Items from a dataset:
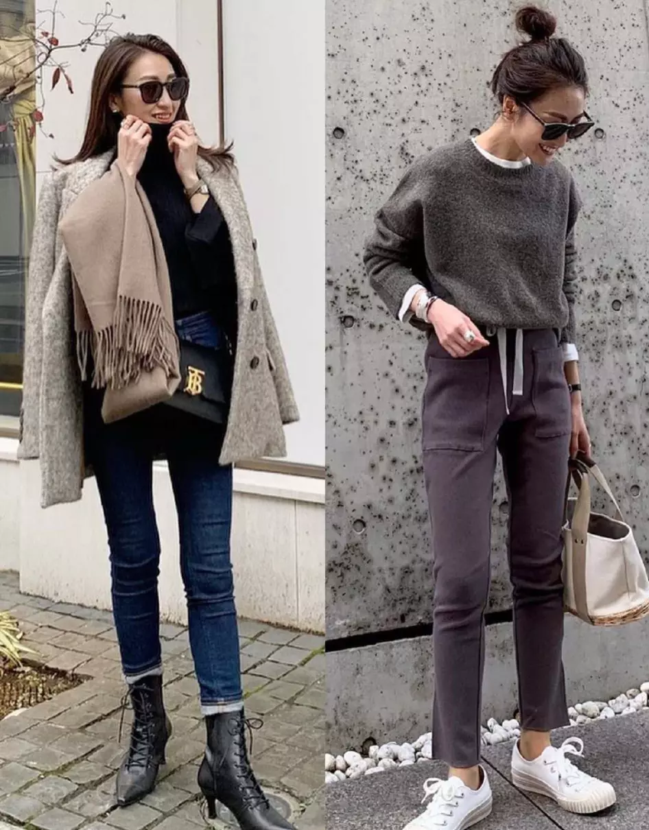 右边这套黑色针织开衫,内搭了一件白色T恤,利用叠穿打破常规,穿出时髦,牛仔裤和尖头靴子提升了质感和品位。▼
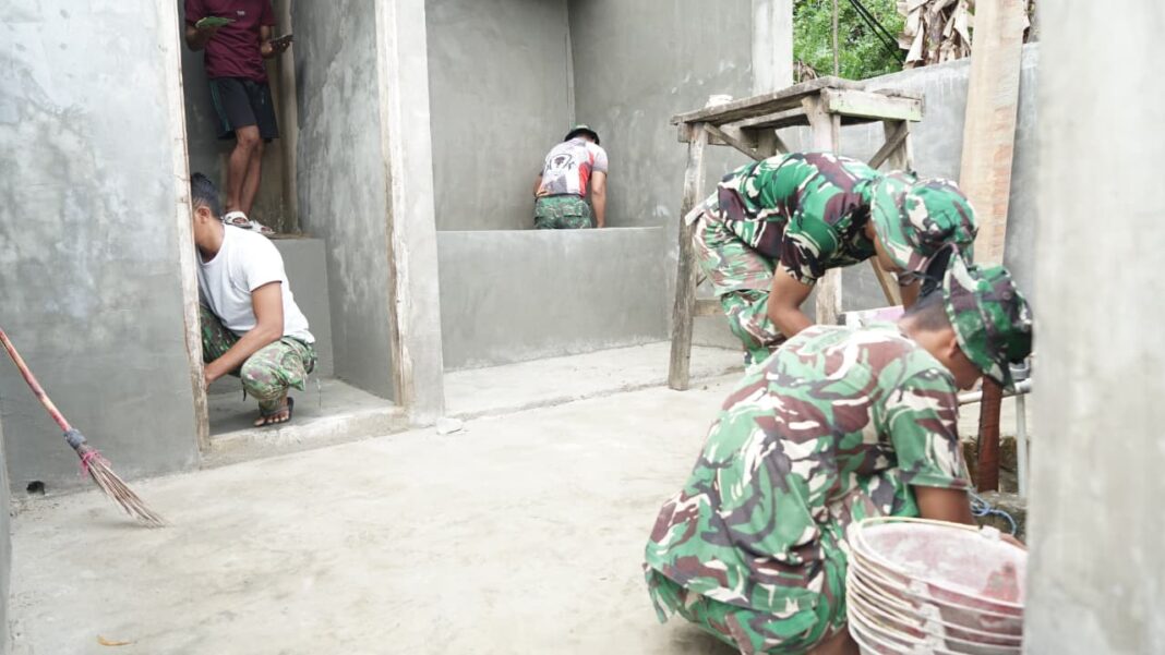 KENDARI – Memasuki tahap penyelesaian yang lebih detail, personel Satuan Tugas (Satgas) TMMD ke-127 Kodim 1417/Kendari kini mulai melaksanakan proses pengacian dinding pada fasilitas Mandi, Cuci, Kakus (MCK) di Kelurahan Sambuli, Rabu (4/3).
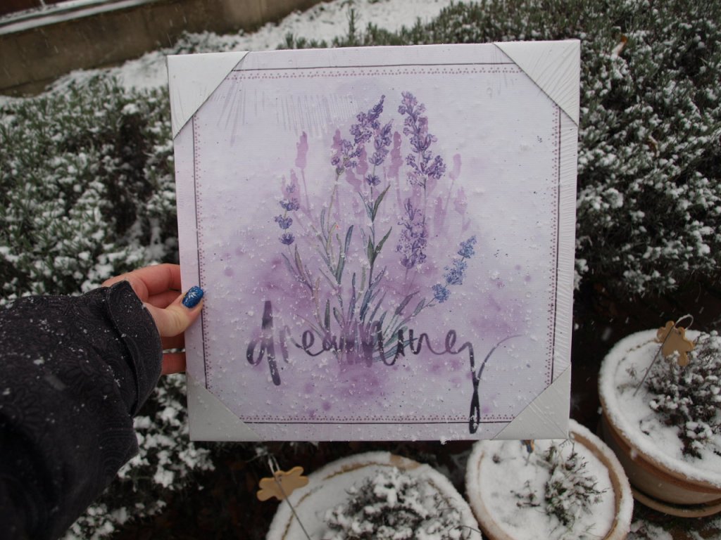Krásný levandulový obrázek na plátně na zavěšení nebo opření o stěnu.
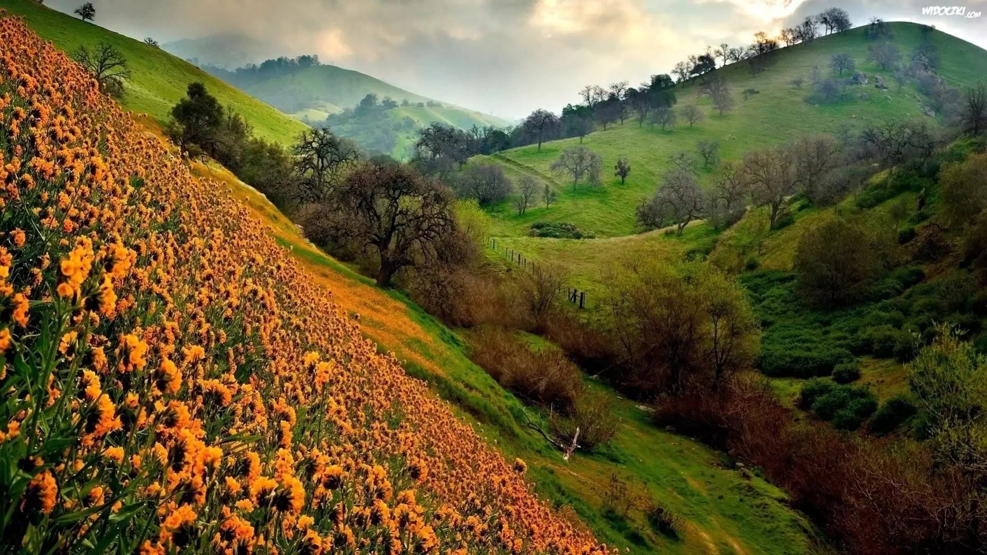Góry, Łąka, Żółte, Kwiaty
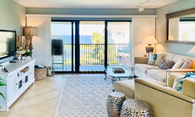 Collect seashells on the white sands of the world's most beautiful beaches, take a refreshing dip in the pool, or explore the sound, which is calm, shallow, and perfect for wading or playing with your kids worry-free. Later, enjoy the cool breeze on the waterfront balcony with its amazing view as you watch the pelicans and dolphins playing directly in front of you. The sunset view off the balcony is truly something you won't forget. Let your guests relax in the living area as you treat them to a delicious meal prepared in the fully equipped kitchen, then wake up each morning to the water outside your window and the bright and cheerful decor of your home-away-from-home.
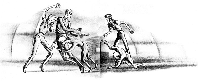 It was decided that their metabolisms must be lowered and that they must live for the most part in their bunks. All activity must be cut to minimum. All weapons must be jettisoned, except one, the captain's shock gun, that could not kill but only cause unconsciousness for twenty-four hours.
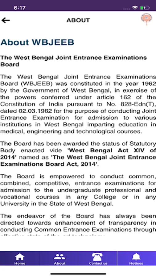 The West Bengal Joint Entrance Examinations Board (WBJEEB) was constituted in the year 1962 by the Government of West Bengal, in exercise of the powers conferred under article 162 of the Constitution of India pursuant to No. 828-Edn(T), dated 02.03.1962 for the purpose of conducting Joint Entrance Examination for admission to various institutions in West Bengal imparting education in medical, engineering and technological courses.
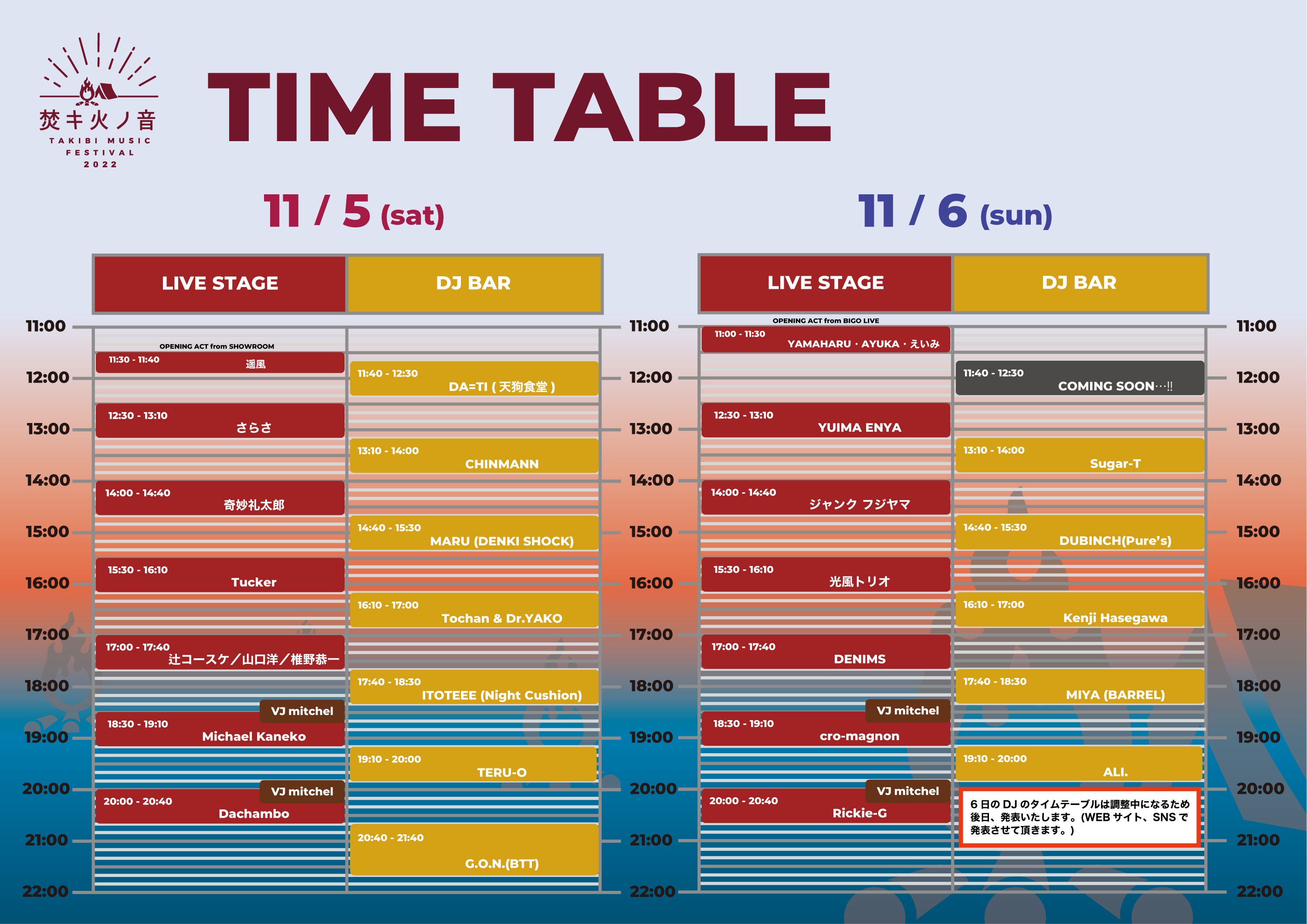 「焚キ⽕ノ⾳ -TAKIBI MUSIC FESTIVAL 2022-」の追加アクトの発表に伴いライブステージのタイムテーブルも決定しました!
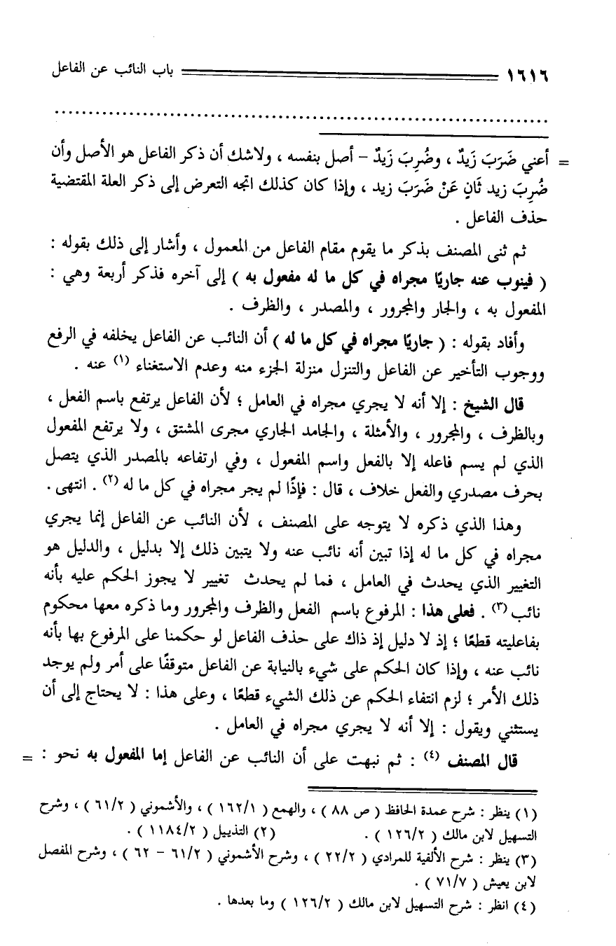 وهذا الذي ذكره لا يتوجه على المصنف، لأن النائب عن الفاعل إنما يجري مجراه في كل ما له إذا تبين أنه نائب عنه ولا يتبين ذلك إلا بدليل، والدليل هو التغيير الذي يحدث في العامل، فما لم يحدث تغيير لا يجوز الحكم عليه بأنه نائب (¬3). فعلى هذا: المرفوع باسم الفعل والظرف والمجرور وما ذكره معها محكوم بفاعليته قطعا؛ إذ لا دليل إذ ذاك على حذف الفاعل لو حكمنا على المرفوع بها بأنه نائب عنه، وإذا كان الحكم على شيء بالنيابة عن الفاعل متوقفا على أمر ولم يوجد ذلك الأمر؛ لزم انتفاء الحكم عن ذلك الشيء قطعا، وعلى هذا: لا يحتاج إلى أن يستثني ويقول: إلا أنه لا يجري مجراه في العامل.
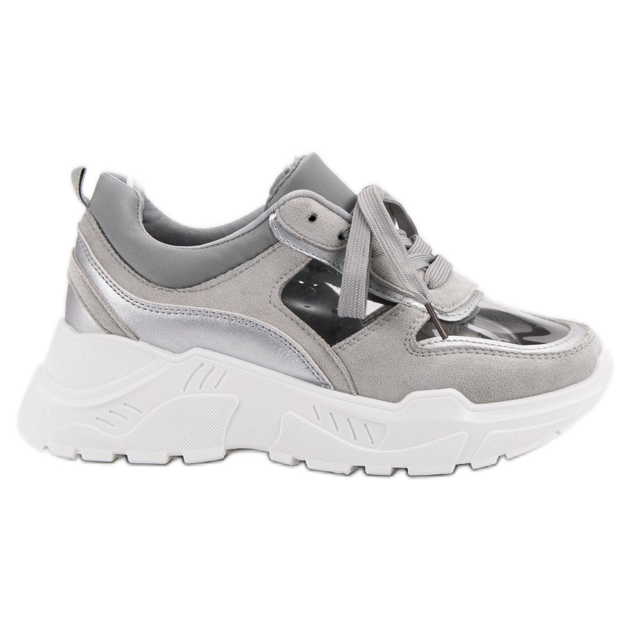 Transparentne sneakersy w kolorze szarym to must-have w każdej wiosenno-letniej garderobie. Te stylowe buty wyróżniają się 5,5-centymetrową platformą, która nie tylko zapewnia wygodę, ale także optycznie wydłuża nogi, dodając Ci atrakcyjnej wysokości. Ich design wpisuje się w najnowsze trendy, dzięki czemu doskonale uzupełnią różnorodne stylizacje – od casualowych po bardziej eleganckie.
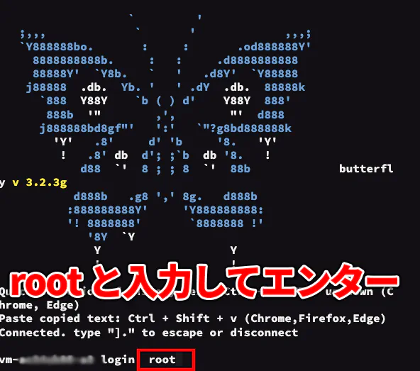 蝶のようなアスキーアートが表示されるはずです。この画面になったら下記の手順を進めます。
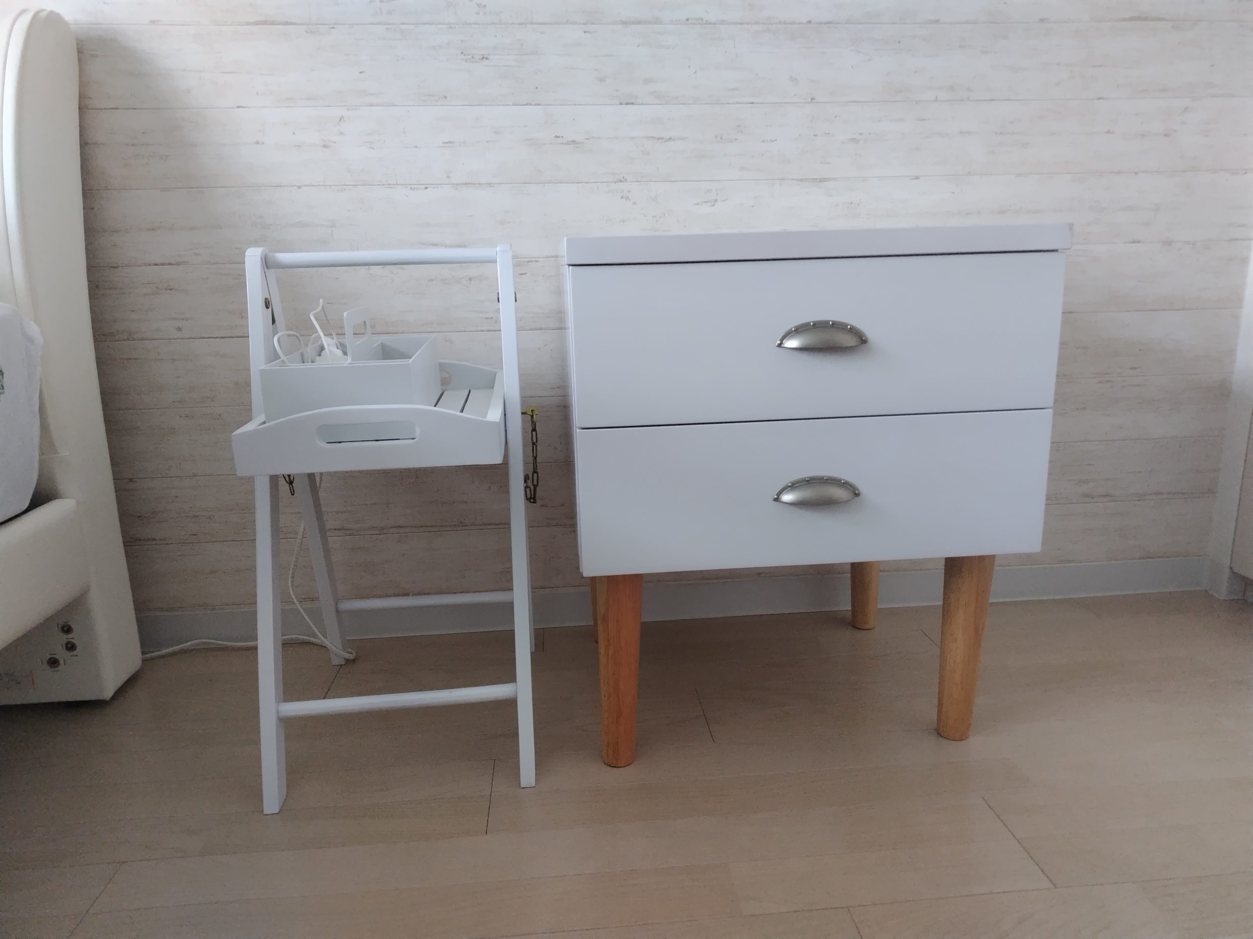 ベッドサイドで、高さを合わせて使い勝手の良いようにしましたよ🤞

Aim of the exercise: The stretch to restate runs from the line above containing "It was decided" through the line containing "وهذا الذي ذكره". Copy it word for word, ends included, without pictures.

Result:
 It was decided that their metabolisms must be lowered and that they must live for the most part in their bunks. All activity must be cut to minimum. All weapons must be jettisoned, except one, the captain's shock gun, that could not kill but only cause unconsciousness for twenty-four hours.
 The West Bengal Joint Entrance Examinations Board (WBJEEB) was constituted in the year 1962 by the Government of West Bengal, in exercise of the powers conferred under article 162 of the Constitution of India pursuant to No. 828-Edn(T), dated 02.03.1962 for the purpose of conducting Joint Entrance Examination for admission to various institutions in West Bengal imparting education in medical, engineering and technological courses.
 「焚キ⽕ノ⾳ -TAKIBI MUSIC FESTIVAL 2022-」の追加アクトの発表に伴いライブステージのタイムテーブルも決定しました!
 وهذا الذي ذكره لا يتوجه على المصنف، لأن النائب عن الفاعل إنما يجري مجراه في كل ما له إذا تبين أنه نائب عنه ولا يتبين ذلك إلا بدليل، والدليل هو التغيير الذي يحدث في العامل، فما لم يحدث تغيير لا يجوز الحكم عليه بأنه نائب (¬3). فعلى هذا: المرفوع باسم الفعل والظرف والمجرور وما ذكره معها محكوم بفاعليته قطعا؛ إذ لا دليل إذ ذاك على حذف الفاعل لو حكمنا على المرفوع بها بأنه نائب عنه، وإذا كان الحكم على شيء بالنيابة عن الفاعل متوقفا على أمر ولم يوجد ذلك الأمر؛ لزم انتفاء الحكم عن ذلك الشيء قطعا، وعلى هذا: لا يحتاج إلى أن يستثني ويقول: إلا أنه لا يجري مجراه في العامل.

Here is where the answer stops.